> _Your task_: What you return must be the lines from the first one below through the one containing "AR Denár, Hlava", exactly and with pictures excluded.

> _Supplied data_:
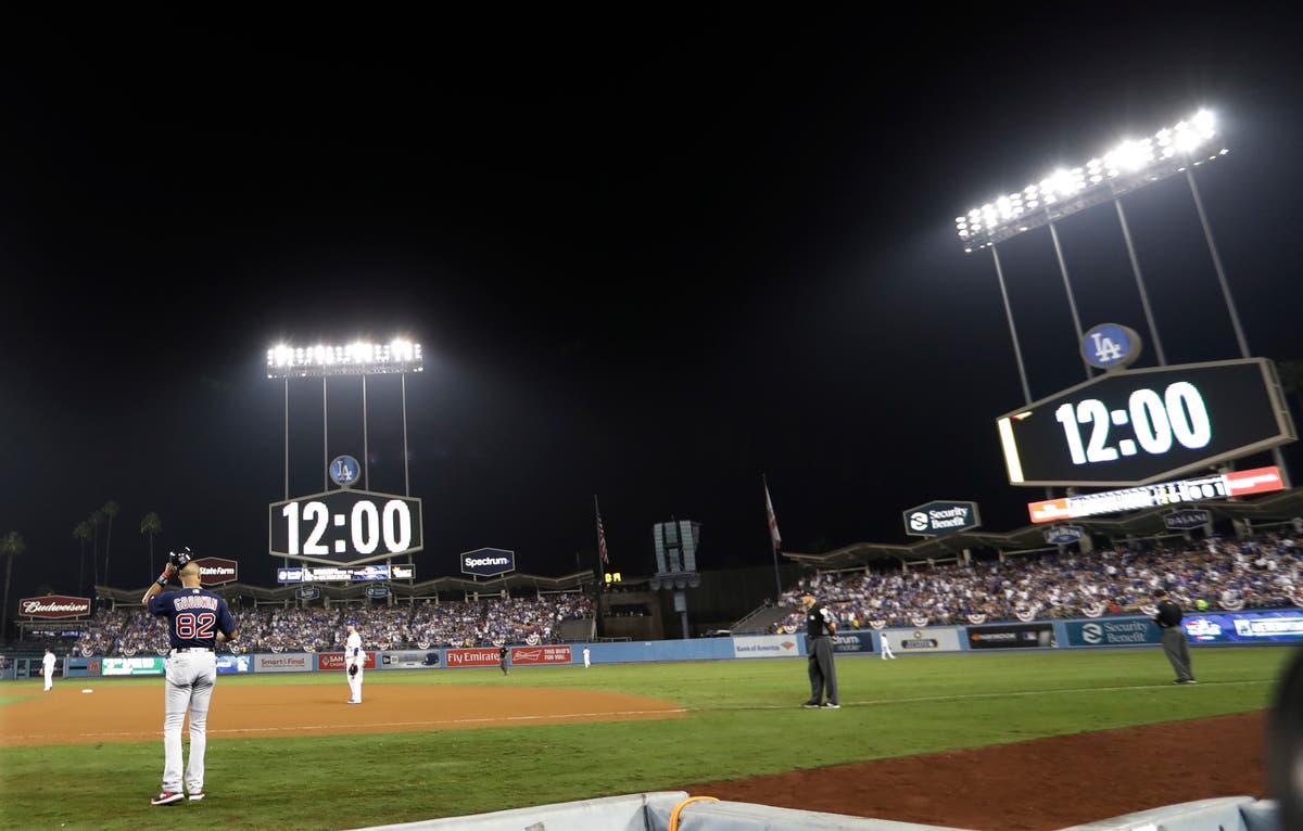 A clock in Dodger Stadium turns to midnight at the beginning of the 17th inning in Game 3 of the World Series baseball game between the Boston Red Sox and Los Angeles Dodgers on Saturday, Oct. 27, 2018, in Los Angeles. (AP News)
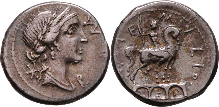 AR Denár, Hlava ženy zprava, opis "ROMA.X." / socha jezdce, nápis "MN.AEMILIO.LEP.", Crawford.291/1, Seaby.Aemilia.7, Alb.1074, nedor., pěkná patina
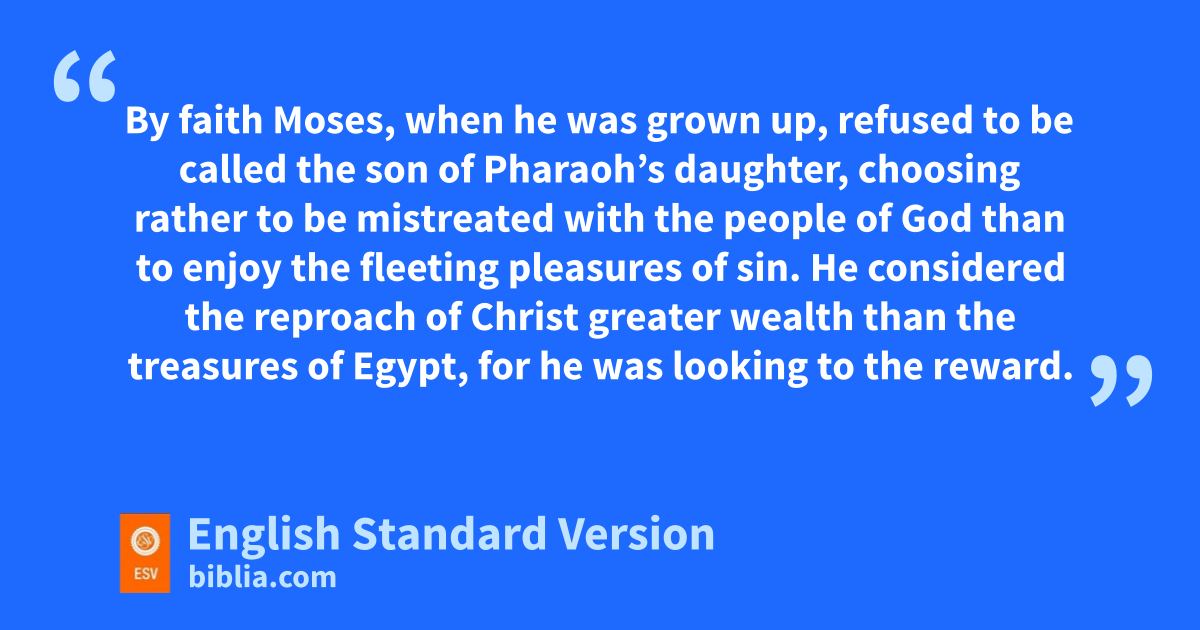 23 By faith qMoses, when he was born, was hidden for three months by his parents, because they saw that the child was beautiful, and they were not afraid of rthe king’s edict. 24 By faith Moses, when he was grown up, srefused to be called the son of Pharaoh’s daughter, 25 tchoosing rather to be mistreated with the people of God than to enjoy uthe fleeting pleasures of sin. 26 vHe considered the reproach of Christ greater wealth than the treasures of Egypt, for he was looking to wthe reward. 27 By faith he xleft Egypt, ynot being afraid of the anger of the king, for he endured zas seeing him who is invisible. 28 By faith ahe kept the Passover and sprinkled the blood, so that the Destroyer of the firstborn might not touch them.

> _Task output_:
 A clock in Dodger Stadium turns to midnight at the beginning of the 17th inning in Game 3 of the World Series baseball game between the Boston Red Sox and Los Angeles Dodgers on Saturday, Oct. 27, 2018, in Los Angeles. (AP News)
 AR Denár, Hlava ženy zprava, opis "ROMA.X." / socha jezdce, nápis "MN.AEMILIO.LEP.", Crawford.291/1, Seaby.Aemilia.7, Alb.1074, nedor., pěkná patina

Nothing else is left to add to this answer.